"When you come to an interview with IndexTank, bring your laptop. Be ready to sit down and create working code" - How is that much different from writing code on the white board, maybe I missed the point.
Coding on the whiteboard is something that you never do in real life (unless you're a CS teacher, in which case you're not really making it up). It can throw people for a loop.
Back in the 80s I couldn't write code without a copy of the programming language manual handy. Today I can't code without an internet connection. Asking people to code on the board requires dumbing down the questions to the point that it introduces way too much noise; you can't wait forever while someone tests their code.

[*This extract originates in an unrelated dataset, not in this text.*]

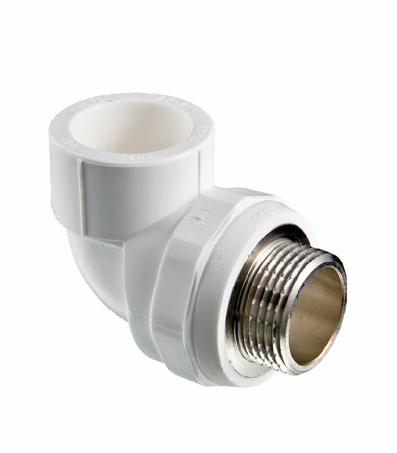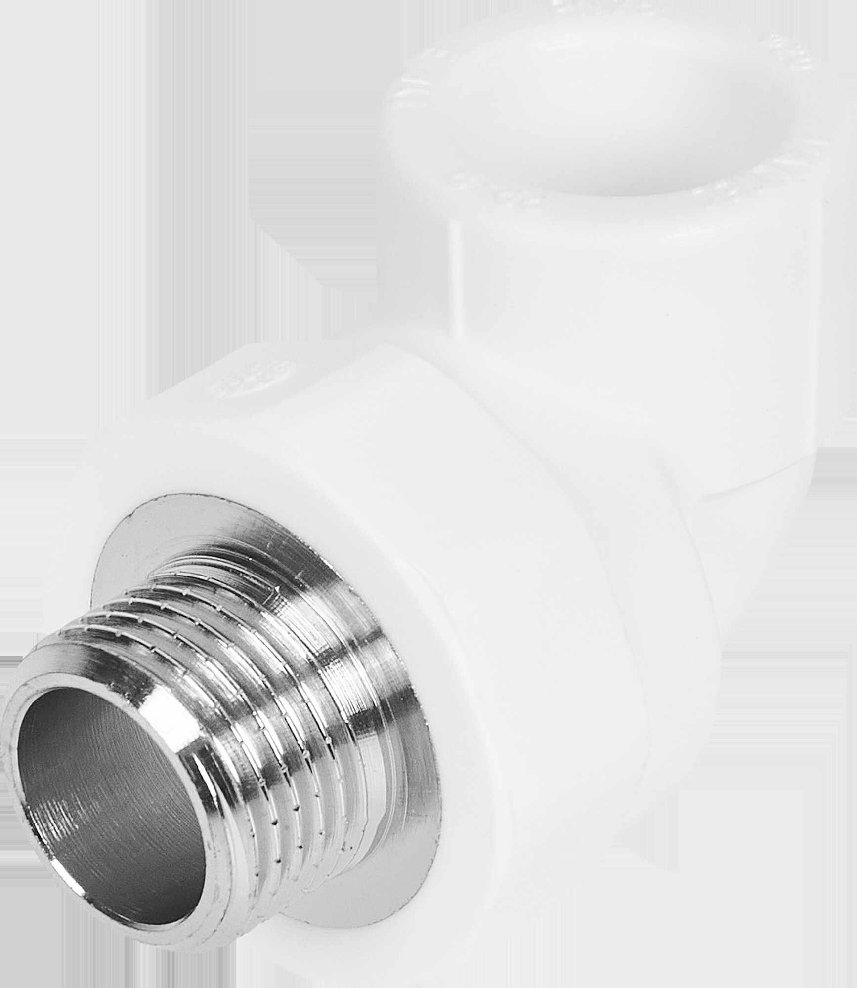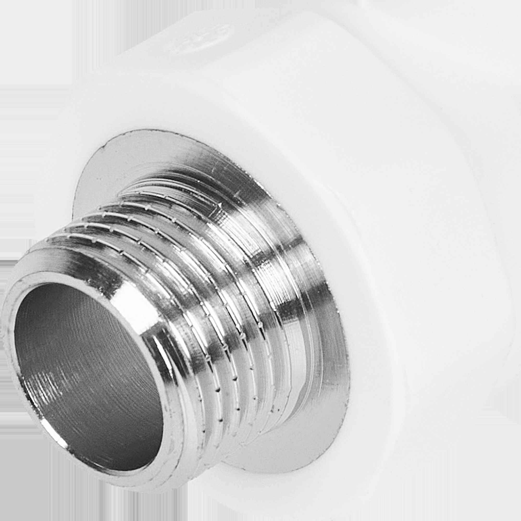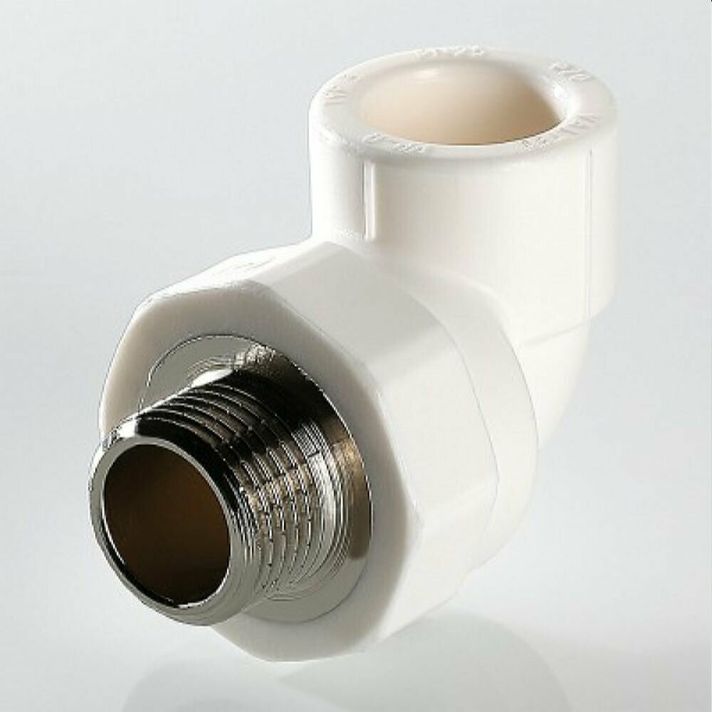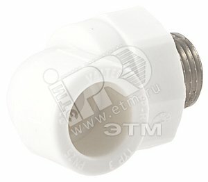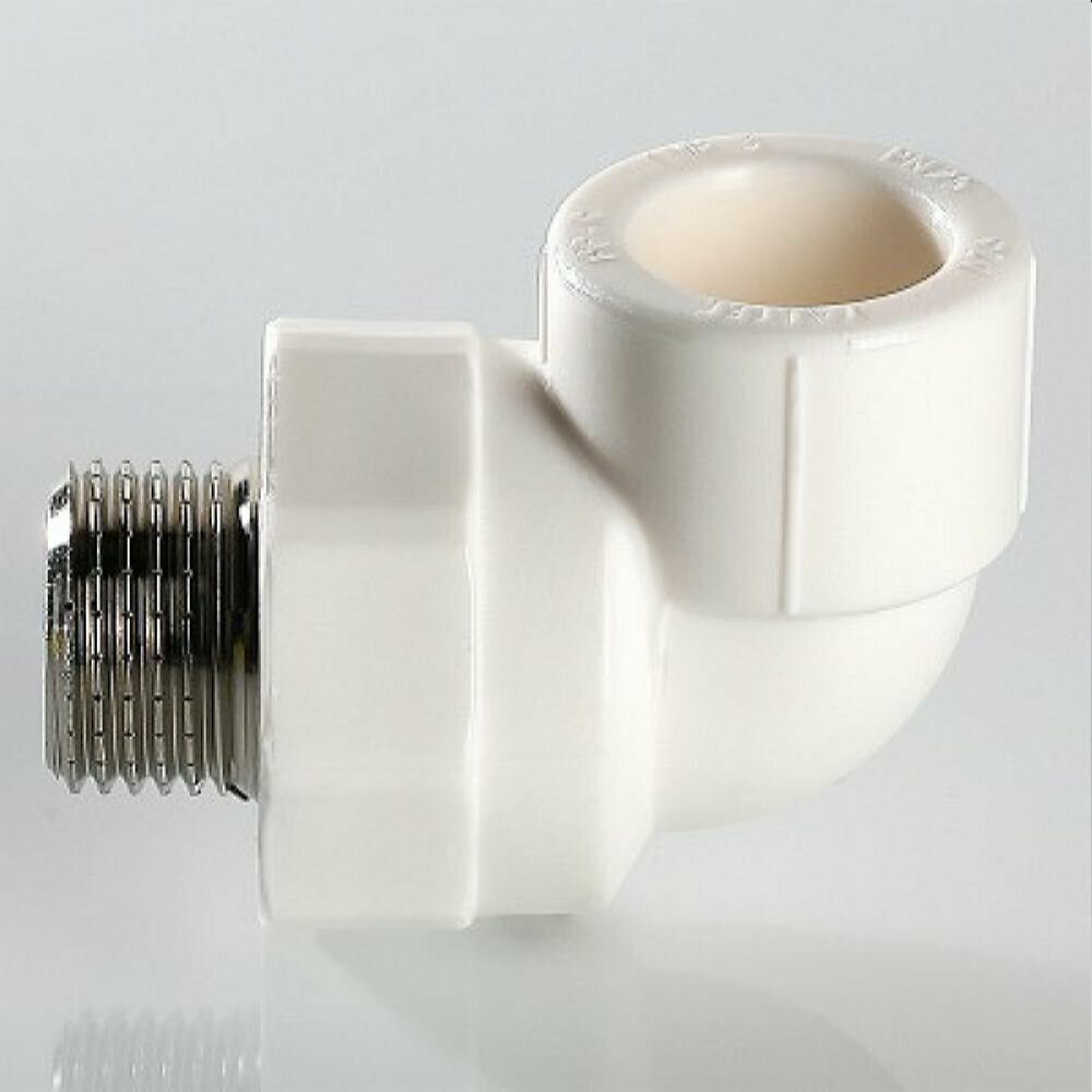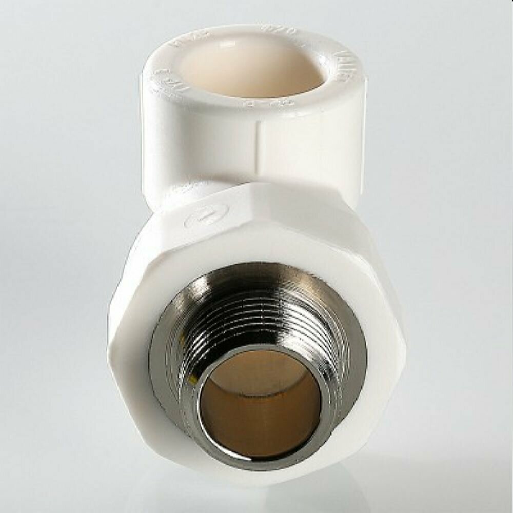Двухсторонний металлопластиковый фитинг для соединения под углом 90 градусов друг к другу полипропиленового трубопровода и компонента инженерной системы с резьбовым подключением, 20 х 1/2 . Резьба фитинга - наружная трубная, по ГОСТу 6357.

If I tell you something like: here's the Twitter API, here's the twitter Ruby gem. Given a Twitter user, give me the most common word in their last 100 tweets. 15 minutes, show me what you got. That tells me much more about your abilities to do something useful than reversing a linked list on the board.
But I do psuedo-code on paper, and that's much the same thing. I'm not saying everyone does so, on paper or elsewhere, but it's just one way that some people think. I would never go as far to say that no one writes code away from a keyboard.
And if you ever are asked to code on a whiteboard ... do it in psuedo code, and see what happens. Maybe the response will help you decide whether you want to work there.
I had a job interview that did almost exactly that, except with Apache Camel. In fact, they chose Apache Camel precisely because it was an API that very few of their applicants had any experience with, and they believed that a software developer should be able to work with a new tool very quickly.